ONE-COMPONENT COATING COMPOSITION AND SUBSTRATES COATED WITH THE SAME

Abstract

A one-component coating composition comprises a polyester resin, an acrylic resin, and a blocked isocyanate resin, wherein the coat formed from the one-component coating composition has a formaldehyde content of less than 10 ppm.
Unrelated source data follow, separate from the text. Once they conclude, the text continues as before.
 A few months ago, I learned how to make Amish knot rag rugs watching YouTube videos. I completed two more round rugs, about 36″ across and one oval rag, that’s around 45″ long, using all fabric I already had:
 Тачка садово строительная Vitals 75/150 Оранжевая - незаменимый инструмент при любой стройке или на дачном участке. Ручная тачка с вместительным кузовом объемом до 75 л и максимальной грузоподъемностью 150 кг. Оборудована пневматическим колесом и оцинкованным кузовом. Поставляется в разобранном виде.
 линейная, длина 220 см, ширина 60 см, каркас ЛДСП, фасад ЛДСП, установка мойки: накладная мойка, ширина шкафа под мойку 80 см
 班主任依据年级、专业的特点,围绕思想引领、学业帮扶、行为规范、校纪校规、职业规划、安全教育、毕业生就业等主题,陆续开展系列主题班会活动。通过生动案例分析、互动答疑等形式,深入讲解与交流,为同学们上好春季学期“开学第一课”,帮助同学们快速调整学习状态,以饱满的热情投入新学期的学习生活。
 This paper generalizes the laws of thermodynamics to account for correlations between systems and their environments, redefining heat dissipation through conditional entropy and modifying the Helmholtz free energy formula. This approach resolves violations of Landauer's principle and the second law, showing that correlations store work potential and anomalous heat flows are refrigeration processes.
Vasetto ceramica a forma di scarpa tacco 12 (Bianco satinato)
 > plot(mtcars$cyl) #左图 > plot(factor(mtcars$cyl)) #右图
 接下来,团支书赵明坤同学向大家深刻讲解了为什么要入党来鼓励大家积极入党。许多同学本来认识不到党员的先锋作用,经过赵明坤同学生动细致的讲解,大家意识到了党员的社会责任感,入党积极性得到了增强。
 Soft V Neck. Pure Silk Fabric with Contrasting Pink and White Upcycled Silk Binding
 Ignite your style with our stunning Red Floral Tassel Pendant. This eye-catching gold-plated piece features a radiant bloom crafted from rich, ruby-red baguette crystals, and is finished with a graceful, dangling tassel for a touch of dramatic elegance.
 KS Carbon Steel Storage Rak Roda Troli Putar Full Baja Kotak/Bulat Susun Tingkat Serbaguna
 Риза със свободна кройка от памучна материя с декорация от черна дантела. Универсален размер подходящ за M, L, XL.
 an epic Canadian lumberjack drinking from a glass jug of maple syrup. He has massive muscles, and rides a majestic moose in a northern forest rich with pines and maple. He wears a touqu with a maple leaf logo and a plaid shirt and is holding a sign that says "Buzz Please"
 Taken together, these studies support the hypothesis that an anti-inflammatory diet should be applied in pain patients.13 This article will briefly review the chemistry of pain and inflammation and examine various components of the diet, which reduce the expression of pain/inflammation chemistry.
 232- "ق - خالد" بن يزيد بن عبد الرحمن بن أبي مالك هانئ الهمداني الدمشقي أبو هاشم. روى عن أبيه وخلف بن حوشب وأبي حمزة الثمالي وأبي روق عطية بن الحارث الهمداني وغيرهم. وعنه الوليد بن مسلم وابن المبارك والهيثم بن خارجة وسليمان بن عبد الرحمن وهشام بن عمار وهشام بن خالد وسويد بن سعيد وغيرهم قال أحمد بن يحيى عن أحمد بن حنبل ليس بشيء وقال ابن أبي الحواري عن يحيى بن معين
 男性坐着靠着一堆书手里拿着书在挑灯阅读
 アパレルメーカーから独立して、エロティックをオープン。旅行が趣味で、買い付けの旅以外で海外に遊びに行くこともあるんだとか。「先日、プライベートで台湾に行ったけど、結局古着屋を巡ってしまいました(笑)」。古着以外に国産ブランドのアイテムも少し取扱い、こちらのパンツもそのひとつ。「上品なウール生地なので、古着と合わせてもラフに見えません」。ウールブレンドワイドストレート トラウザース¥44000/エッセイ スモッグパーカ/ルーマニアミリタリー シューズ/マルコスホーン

A substrate is coated with the one-component coating composition.

Claims

1. A one-component coating composition comprising a polyester resin, an acrylic resin, and a blocked isocyanate resin, wherein the coat formed from the one-component coating composition has a formaldehyde content of less than 10 ppm.

2. The one-component coating composition of claim 1, wherein the blocked isocyanate resin, the polyester resin, and the acrylic resin are in a weight ratio of 15:85-40:60.

3. The one-component coating composition of claim 1, wherein the polyester resin comprises a mixture of a polyester resin (a) and a polyester resin (b).

4. The one-component coating composition of claim 3, wherein the polyester resin (a) has an acid value of 5 to 20 mgKOH/g and a weight average molecular weight of 10,000 to 50,000.

5. The one-component coating composition of claim 3, wherein the polyester resin (b) has an acid value of 30 to 60 mgKOH/g and a weight average molecular weight of 3,000 to 6,000.

6. The one-component coating composition of claim 1, wherein the acrylic resin comprises a mixture of an acrylic resin (a) and an acrylic resin (b).

7. The one-component coating composition of claim 6, wherein the acrylic resin (a) has a pH value of 8 to 9, and an acid value of 5.5 to 8.5 mgKOH/g and an amine value of 5.6 to 8.4 mgKOH/g.

8. The one-component coating composition of claim 6, wherein the acrylic resin (b) has a pH value of 6 to 7, and an acid value of 2.5 to 6.0 mgKOH/g and an amine value of 0.6 to 2.8 mgKOH/g.

9. The one-component coating composition of any of the preceding claims, wherein the coat formed from the one-component coating composition is substantially free of formaldehyde.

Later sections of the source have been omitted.